Forget that. I still want to know how those Chang and Eng guys fathered 21 kids between them. I mean, I don't even like to do it with the cat in the room.

* Which major global leader speaks the worst English? Thanks.
Any member of the American Republican party. What? I lie? Think about it. George W. Bush sounded like one of those poetry games you stick on your fridge. McCain could use the words 'corn pone' in every day speech. And Sarah Palin doesn't even speak English.

* How do flea/tick/mosquito collars work? Would it be possible to create a similar device for people? That would be a great weapon against insect-borne diseases.

What a fine idea! Come over and I'll put it on you myself. Be warned, however, that if it itches a little, you'll only be able to scratch it with your feet.

* I have always wondered who played the characters of the Wicked Witch of the West's monkey army in Wizard of Oz. Were they the same little people who played the munchkins or am I missing something here? It's no big deal, but I have always wondered.
Silly. the munchkins had a contract that they could only be ridiculed by wearing dumb hats and curly toed boots. They drew the line at bellhop hats and wings. Those were real flying monkeys. Though I understand there was some consternation when they were told they had to wear the bellhop hats.

* Can a state be kicked out of the union? I am thinking, of course, of Texas.

Of course you are. We all are.

* I don't care about NASA and the space station stuff any more. Am I the only one? Should I care?
Oh, I hear you. From now on, government projects like space stations, wars, national security and food stamps will only be renewed like TV shows. If we try something for, say, 4 weeks and the audience just isn't there, it will be cancelled. This should force them to really up the interesting bits, and get rid of the boring stuff.

* What could humanity possibly be like, or possibly have evolved into, if we as an entire species never discovered and/or harnessed the power of fire?
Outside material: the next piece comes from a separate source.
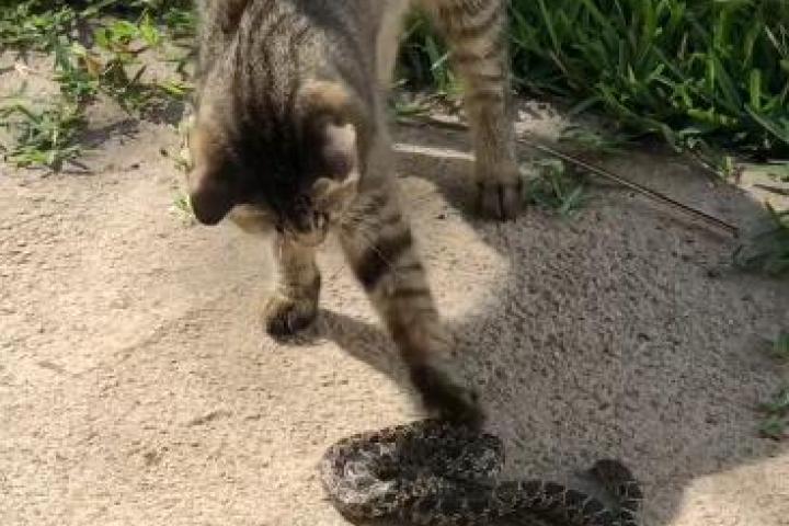 Un gato callejero de Ibiza se ha ganado el aplauso vecinal y la admiración en redes sociales tras ser grabado enfrentándose a varias serpientes en plena calle. En las imágenes, el felino no solo no huye ante los ofidios, sino que se atreve a propinarles "collejas" con su pata para mantenerlas a raya.
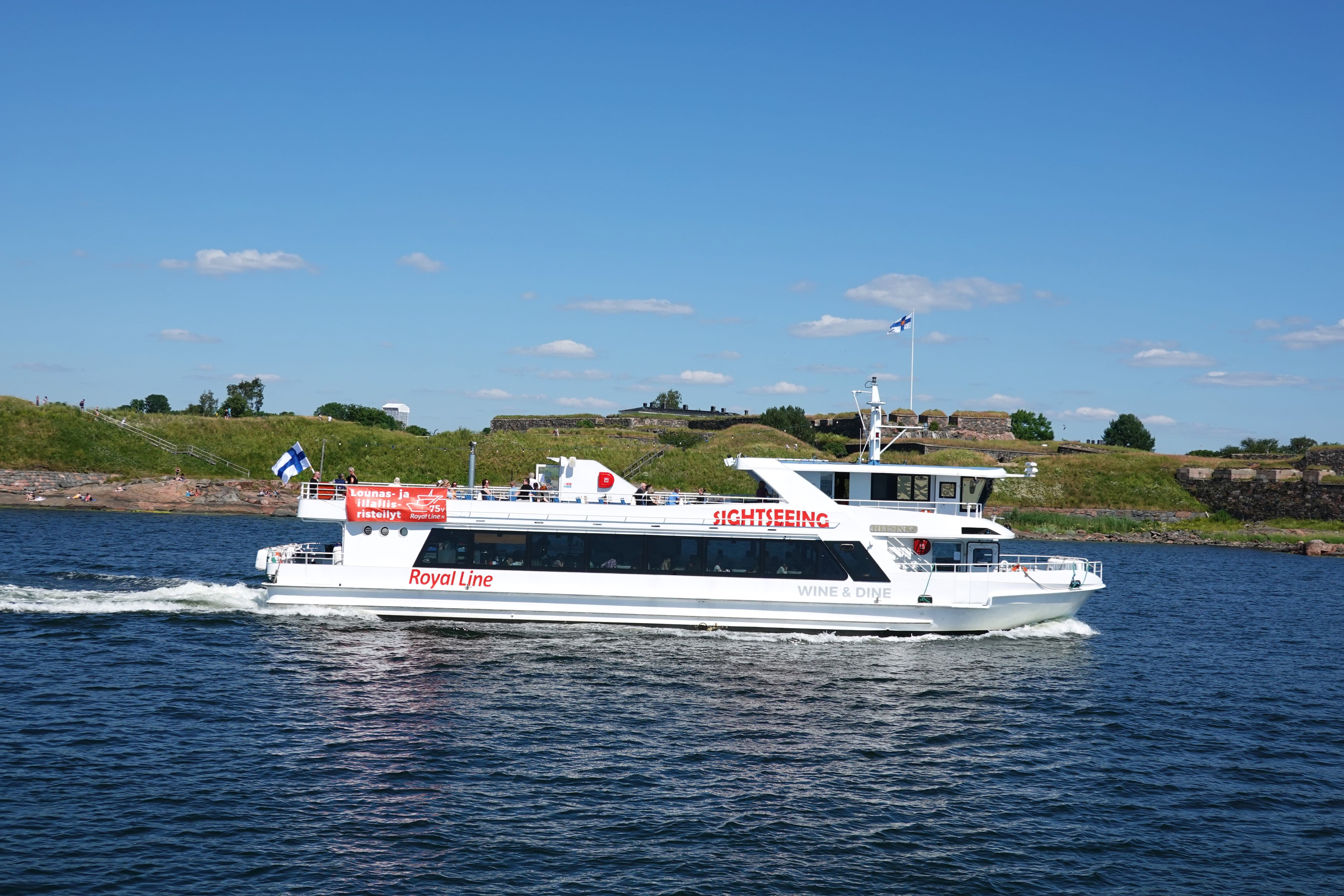 Lähde Royal Linen mukana risteilylle Helsingin upean saariston läpi. Nauti kaupungin näkymistä, sen modernista arkkitehtuurista ja historiallisista maamerkeistä. Rentoudu ja ota aurinkoa tilavalla aurinkokannellamme. Hengitä raikasta merituulta ja nauti auringonpaisteesta.

We would not the term 'pyromaniac' in our lexicon. And we would be eating a lot of steak tartare, which is unfortunate because steak tartare is really gross.

* I have a little goatee. Why do people in Arab countries—I've not noticed this in Paris or L.A., for example—insist on touching my beard, then taking the same hand and kissing their fingers in a sort of "Italian, it's delicious!" gesture? When I ask, they just laugh. This has happened to me literally dozens of times.
Do you know how weird you are? Shave, ferchristsakes.

* Why do auctioneers talk like that?
It's an affliction from birth. Only certain people can be auctioneers, like only certain people can be horse jockeys and basketball players. When you got it, you got it.

* Are there really special agents like Jack Bauer working for the U.S. government? Just total badass muthas who can basically do anything? Or are Navy Seals and Army Rangers the toughest we've got?
What are you talking about? Jack Bauer does work for the government! Those are just recordings of his day-to-day life you're watching on TV. He even has a special card in his wallet with Badass Mutha written on it, so he can get into harrowing situations and dangerous places. He has the right I.D.

* In our culture when dealing with babies and little kids it's always funny to put something on your head as a pretend hat. Is this the case in every culture? What about where they always wear turbans?
Those children just laugh uncontrollably until they leave their native land and realize people aren't funny all the time.

* Why do we use the term chicken to imply that someone is scared, along with the standard bock-bock? Are chickens naturally skittish birds? And why cats? What's a scaredy-cat?
While the standard bock-bock is dreadfully overused, as you note, it is the standard. Yes, chickens are skittish. And delicious. But cats? Cats are only scared of morons with acess to the internet.

* Why do all people (it seems) cross their legs so much?

Nobody wanted to tell you, but I will. Every time you see someone cross their legs, they are sending out the universal code for "that guy with his legs not crossed has B.O." You are being told to shower more often.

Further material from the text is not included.